What are the potential consequences of strawberry production?
The production of strawberries for the winter stocking of supermarkets in the EU has become big business for Spain since the 1980s. Over 90% of this production takes place in the SW corner of the country, in the Huelva region. This area has a Mediterranean climate, meaning that the summers are hot and dry with long hours of sunshine and the winters are mild and wet. The climate is tempered by warm breezes from the Mediterranean sea. The region is nick-named Costa De La Luz - the coast of light due to the amount of sunshine. This of course, makes it ideal for growing strawberries, which are cultivated in long plastic tunnels. Peak growing season is April to May and some 330,000 tonnes of strawberries are grown each year.
Strawberry production is a highly intensive form of agriculture due to the high input of labour required. Some of this is domestic, i.e. Spanish workers. However, in recent years more and more labour has been carried out by ‘guest workers' doing seasonal jobs, usually sourced and employed through specialised agencies. There have been up to 30,000 people employed in the region each year in recent years.

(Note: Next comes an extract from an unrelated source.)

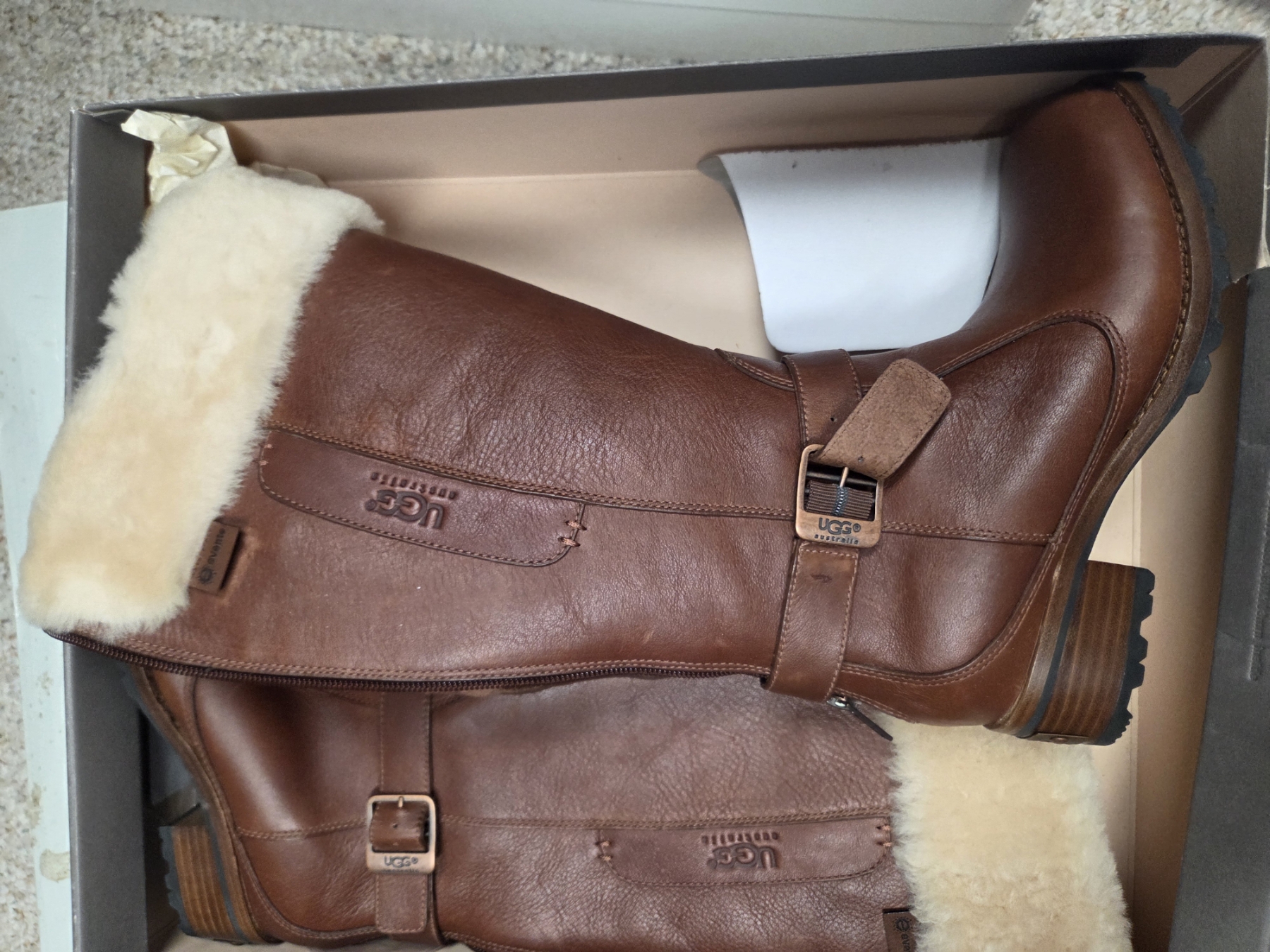 New Tall Dark Brown Leather UGG Australia Size 7 Boots

Schemes like SAWS - The Seasonal Agricultural Workers Scheme, make it possible for EU citizens to work for short periods in other EU countries.

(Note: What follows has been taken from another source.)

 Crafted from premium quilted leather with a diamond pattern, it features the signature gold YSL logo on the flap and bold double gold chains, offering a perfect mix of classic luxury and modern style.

This type of agricultural work is often considered as a three D job - the three Ds are those which are Dirty, Dangerous or Difficult. Countries often find it hard to obtain this type of labour from their domestic stock. However, it often upsets local people if they feel that their jobs are being taken by foreign workers. (See lesson two - Poles apart on the recent UK wildcat strikes.) Further information about migrant workers in the Spanish strawberry industry can be found on the Migration News website.
The strawberry industry is vital to the economy of the region, a largely rural region with many small-scale farmers dependent on it. It provides jobs for local people, even despite the growth in the number of migrant workers employed. However, there are potential impacts which are of some concern, especially to environmentalists. The issue of plastic waste is raised in this BBC News article which quotes some 4,500 tonnes of plastic waste related to the industry. It also mentions pesticide pollution. The transport of strawberries to overseas markets also has environmental implications.

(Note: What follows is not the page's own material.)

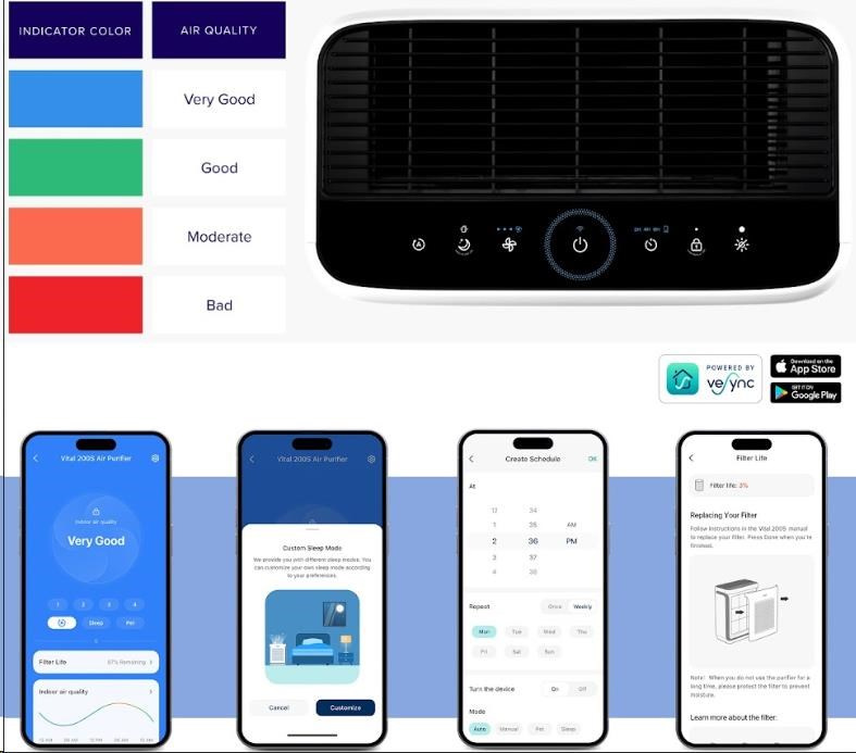 Chcete mať doma čistý vzduch ako prevenciu pred ochorením horných dýchacích ciest alebo ste alergik či astmatik? Chytrá čistička Levoit Vital 100S vďaka vysoko kvalitnej 3-vrstvovej filtrácii s filtrom HEPA H13 a omývateľným predfiltrom odstráni až 99,97 % škodlivých látok a nečistôt, ktoré by ste inak dýchali. Čistička Levoit Vital 100S je certifikovaná pre alergikov a disponuje výkonom 243 m3/h CAD pri 32W. Vďaka energeticky nenáročnému prevádzke získala ocenenie Energy Star. Ovládanie čističky vzduchu je skutočne jednoduché priamo na displeji alebo je možné ovládanie cez aplikáciu na chytrých zariadeniach Android alebo Apple (iOS). Levoit Vital 100S je vybavená senzorom snímania kvality vzduchu, na základe ktorého sama chytro upravuje výkon čistenia.

By far the biggest concern in this region of Spain, however, is the effect on the ecosystem itself - both through clearance for production in the first place, and the extraction of water for irrigation once it's underway.
Doñana National Park (Parque Nacional de Doñana), is a national park and wildlife refuge in southwestern Spain in the provinces of Huelva and Seville. It covers an area of 543 km², 135 km² of which lies within a protected area with World Heritage Site status. Further information about the area's World Heritage Site status can be viewed on the UNESCO website.
Doñana National Park is one of Europe's most important wetland reserves, comprising three distinct kinds of ecosystem: the marismas (marshlands), the Mediterranean scrublands and the coastal mobile dunes with their beaches. Within it lies the Guadalquivir River Delta region which flows into the Atlantic Ocean. It has a biodiversity that is unique in Europe, containing a great variety of wildlife that includes thousands of European and African migratory birds (up to 500,000 wintering fowl each year), fallow deer, Spanish red deer, wild boar, European badger, and endangered species such as the Spanish Imperial Eagle, Egyptian mongoose and Iberian Lynx. One of the largest Mediterranean heronries is located here.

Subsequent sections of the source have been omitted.